Best homemade soups!
October 27, 2012 11:59 AM   Subscribe

Please share with me your tried and true, passed down through the ages, made-with-love, illness curing soup recipes!

I need recipes for soup! Maybe it's a sentimental favorite. Or the one that contains secret ingredients (!). Whatever it is, it's the soup that you make that always makes people feel better when they are sick.

I ask because my SO is sick with a lingering cold that has gotten worse (he's seeing a Dr. tomorrow) and I want to make him something healthy and yummy today! Thank you!
posted by marimeko to Food & Drink (32 answers total) 81 users marked this as a favorite
 
Best answer: Chicken broth, as much garlic as you have on hand, cayenne pepper until it hurts a little, some frozen veggies (nice and mushy!) and salt to taste. This is my tried-and-true personal cold cure. (Sometimes I substitute slightly elderly brussels sprouts for the frozen veggies, but I *like* brussels sprouts.)
posted by restless_nomad at 12:02 PM on October 27, 2012 [2 favorites]


Best answer: i like a mug of miso soup with wakame and spinach. you can just make it right in the mug, no fuss: a spoonful of miso, some hot water, toss in the seaweed and veggies. i usually douse it with whatever hot sauce is laying around. i like that it's easy to make in a single serving, and miso is nutritious and salty.

sometimes i make a more elaborate version in a pot on the stovetop with buckwheat noodles and an egg cracked into it, but only on Fancy Night.
posted by guybrush_threepwood at 12:13 PM on October 27, 2012 [2 favorites]


Ooh, the egg cracked in is a fantastic way to get some no-fuss protein. Strongly recommend, especially if this is the kind of sick that makes eating heavy foods unappealing.
posted by restless_nomad at 12:15 PM on October 27, 2012


Best answer: Dice some chicken and vegetables (generally new potatoes, turnips, carrots, celery, cabbage, onions), boil from cold water with bayleaves, then simmer for 20 minutes (/until root vegetales are soft). Add salt and pepper, and mustard to taste. Boiling everything from cold really brings out the flavour of the chicken and the veg so there's no need to use stock, you can get loads of vitamins and minerals from the veg and it takes very little prep time.
posted by pikeandshield at 12:16 PM on October 27, 2012


Go to your local Vietnamese place and get a big bowl of pho.
posted by shoesietart at 12:20 PM on October 27, 2012 [16 favorites]


Hot and Sour Soup from the Chinese restaurant down the street. If I tell them it's for cold remedy, they make it extra spicy. It will clear out your head, and then proceed to clear out everything else, too.

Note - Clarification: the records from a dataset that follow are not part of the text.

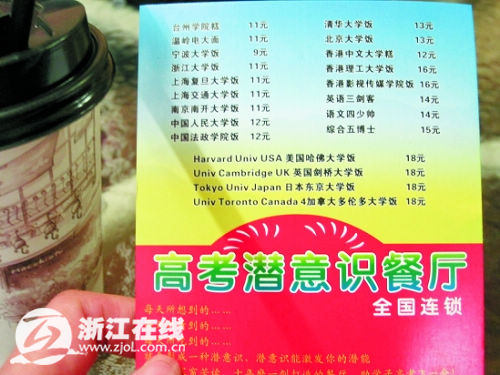 (浙江)溫嶺市日前新開出的一家“主題餐廳”,賣的不是名菜是菜名。這家餐廳所有的菜,都是以大學校名為名,炒年糕叫“臺州學院糕”,三鮮面叫“溫嶺電大面”,咖喱飯叫“清華大學飯”……
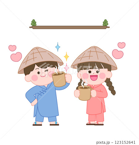 Cute characters wearing Ao Dai, the traditional Vietnamese costume, holding mugs.
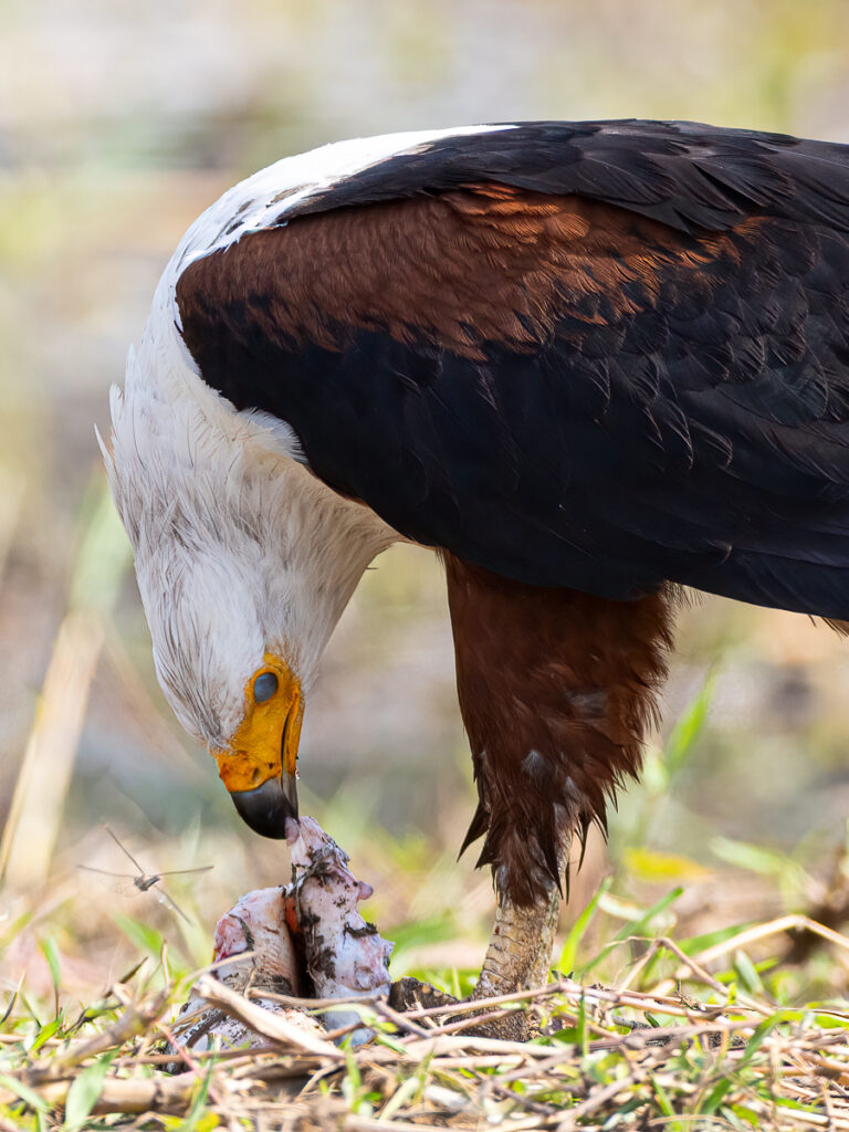 African Fish Eagle protects their eyes while feeding. Photographed in Akagera NP, Rwanda.
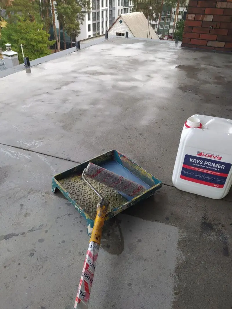 KRYS PRIMER постачається у стані, повністю готовому до використання. Не потрібно розбавляти суміш водою або розчинником, властивості і характеристики можуть значно погіршитись. Матеріал легко наноситься щітками, широкими пензлями (макловиця), валиками, швабрами і т.д. В середньому через 5-6 годин вже можна виконувати наступні етапи робіт.
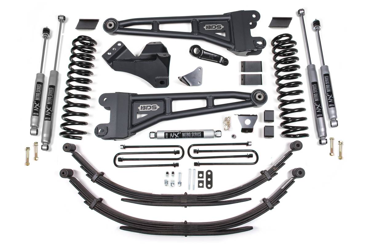 This 6-inch radius arm lift kit from BDS Suspension is designed for 2008–2010 Ford F250 and F350 Super Duty diesel trucks (4WD) and provides clearance for up to 37-inch tires. The front of the kit includes diesel-specific 6-inch lift Pro-Ride coil springs, heavy-duty tubular replacement radius arms, a forged drop pitman arm, track bar bracket for steering correction, sway bar relocation hardware, brake line brackets, and custom-tuned nitrogen charged shocks. The rear base kit includes high-strength steel lift blocks, longer U-bolts, and brake line brackets, with a choice of rear lift option and shock upgrade available at time of purchase.

My at-home go to is French Onion Soup, caramelizing the onions in the slow cooker, then adding the garlic and the beef , chicken and vegetable stocks when the onions are done cooking down. Must have nutmeg and black pepper.
posted by halfbuckaroo at 12:29 PM on October 27, 2012


Best answer: I also make soup with as much garlic and spicy pepper (dried cayenne or fresh jalapeño) as I can stand! Add whatever veggies you have on hand and herbs. I like adding a bunch of cilantro and lime juice at the very end, but really the garlic and pepper is key!
posted by Swisstine at 12:30 PM on October 27, 2012 [1 favorite]


Best answer: Hot and Sour Soup.. There are a lot more traditional recipes out there with all sorts of exciting ingredians which are fun to make too, but when I am feeling off colour this is the version I reach for. Upping the spiciness helps if you are having any sort of sinus problems too.
posted by wwax at 12:33 PM on October 27, 2012 [5 favorites]


Pho does indeed have even more eldritch and unspeakable powers of healing than even the most mystically jewish of chicken soups.
posted by elizardbits at 12:33 PM on October 27, 2012 [7 favorites]


Chicken tom yum is also good for head colds, but not ones that involve excessive coughing, IME.
posted by elizardbits at 12:35 PM on October 27, 2012


Best answer: Miso soup with a poached egg and matzo balls made with lots of wasabi is the go-to meal in our house.
posted by evoque at 12:44 PM on October 27, 2012


Best answer: Congee! I like mine with scallions, ginger, and white fish when I'm sick.
posted by scody at 1:01 PM on October 27, 2012 [2 favorites]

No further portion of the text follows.